- _ACTION ITEM_:
Repeat precisely the line in which "IBIZA 2.5 SEATER" occurs and all lines that follow it in the entries below. Pictures must be omitted.

[[ INFORMATION SUPPLIED, beginning ]]

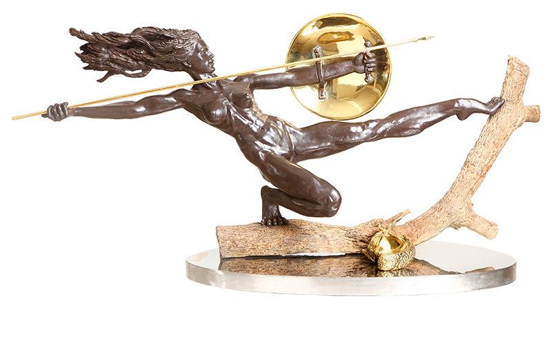 SCULPTURE Richard has created a supreme female athlete with a body reflecting physical excellence, capable of throwing her long heavy golden spear further and with more power than any man. Yet she is beautiful, graceful, feminine and extremely erotic. Her outstretched left leg is the leg of the most beautiful ballet dancer. Notice the delicacy of the way her breasts are curved, with such gentleness in the curves flowing out to the nipples, the firm flesh below the breasts swelling slightly around her muscular belly and then curving back into the pubic area. Her long legs, starting with firm perfect thighs, reflect the perfection of her legs. Note her beautiful back and luscious firm buttocks. The patination of the bronze is in Classic Rodin Style: first, a rich brown undercoating and then a black overcoating, so when the light dances on the sculpture the brown undercoating shows through. The gold shield, spear and helmet (which is cast in brass and then highly polished) gives a wonderful contrast to the rich patination of the bronze figure. Richard Minns
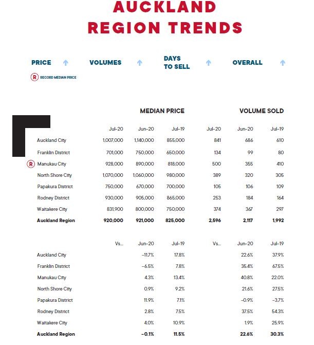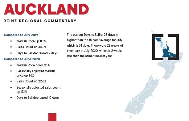 Bindi Norwell, Chief Executive at REINZ says: “New Zealand’s property market continued to defy expectations in July with sales volumes increasing by 24.6% when compared to the same time last year.  “This was the largest annual percentage increase in sales volumes we’ve seen for the country since September 2015, highlighting just how confident the market was during July.
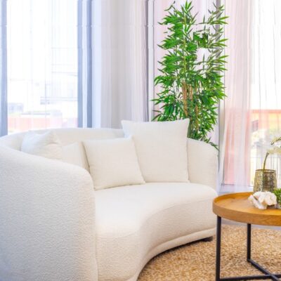 IBIZA 2.5 SEATER SOFA WITH 4 SCATER CUSHIONS WHITE FABRIC ENQUIRIES CALL PETER 0435344775
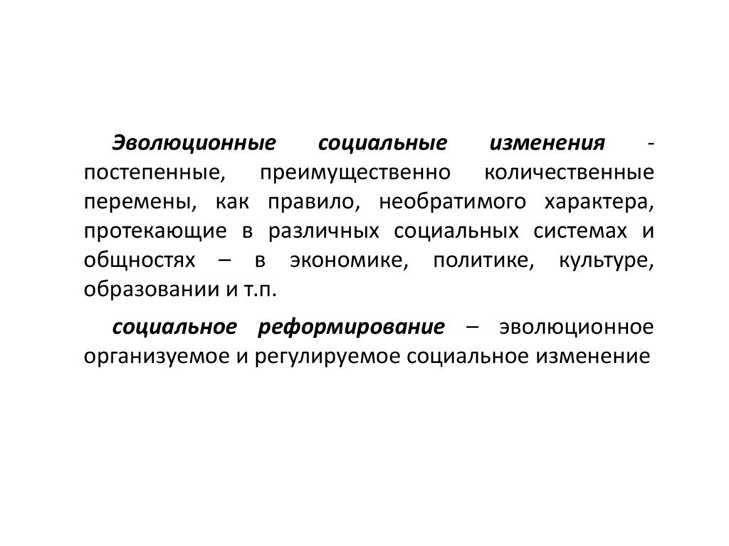 постепенные изменения тех или иных социальных институтов,
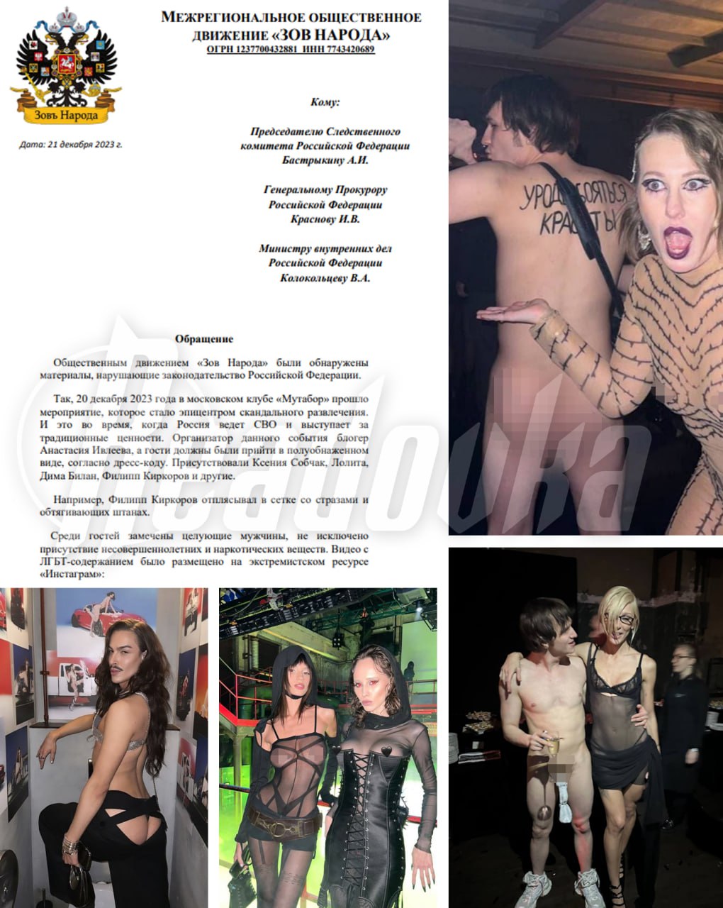 В столичном клубе «Мутабор» этой ночью произошло фактически одноименное зрелище, организованное известной блогершей Ивлеевой. Настюшка-Опасность пошла с козырей — назначила цену за вход на вечеринку ровно в ₽1 млн и дресс-код almost naked — то есть всем быть голыми. Некоторые оголились символически, через просвечивающие а-ля телесные наряды, некоторые исполнили пожелание организаторки буквально. Тошнотворные кадры со сборища с утра гуляют по сети, из вечеринки секрета никто не делал. И пока все обсуждают появление хозяйки бала в колье для ягодиц стоимостью ₽23 млн и недвусмысленные луки субтильных изворотливых юношей с плотоядными глазами, общественная организация «Зов народа» взялась за ручку и бумагу.

[[ INFORMATION SUPPLIED, end ]]

- _RESPONSE_:
 IBIZA 2.5 SEATER SOFA WITH 4 SCATER CUSHIONS WHITE FABRIC ENQUIRIES CALL PETER 0435344775
 постепенные изменения тех или иных социальных институтов,
 В столичном клубе «Мутабор» этой ночью произошло фактически одноименное зрелище, организованное известной блогершей Ивлеевой. Настюшка-Опасность пошла с козырей — назначила цену за вход на вечеринку ровно в ₽1 млн и дресс-код almost naked — то есть всем быть голыми. Некоторые оголились символически, через просвечивающие а-ля телесные наряды, некоторые исполнили пожелание организаторки буквально. Тошнотворные кадры со сборища с утра гуляют по сети, из вечеринки секрета никто не делал. И пока все обсуждают появление хозяйки бала в колье для ягодиц стоимостью ₽23 млн и недвусмысленные луки субтильных изворотливых юношей с плотоядными глазами, общественная организация «Зов народа» взялась за ручку и бумагу.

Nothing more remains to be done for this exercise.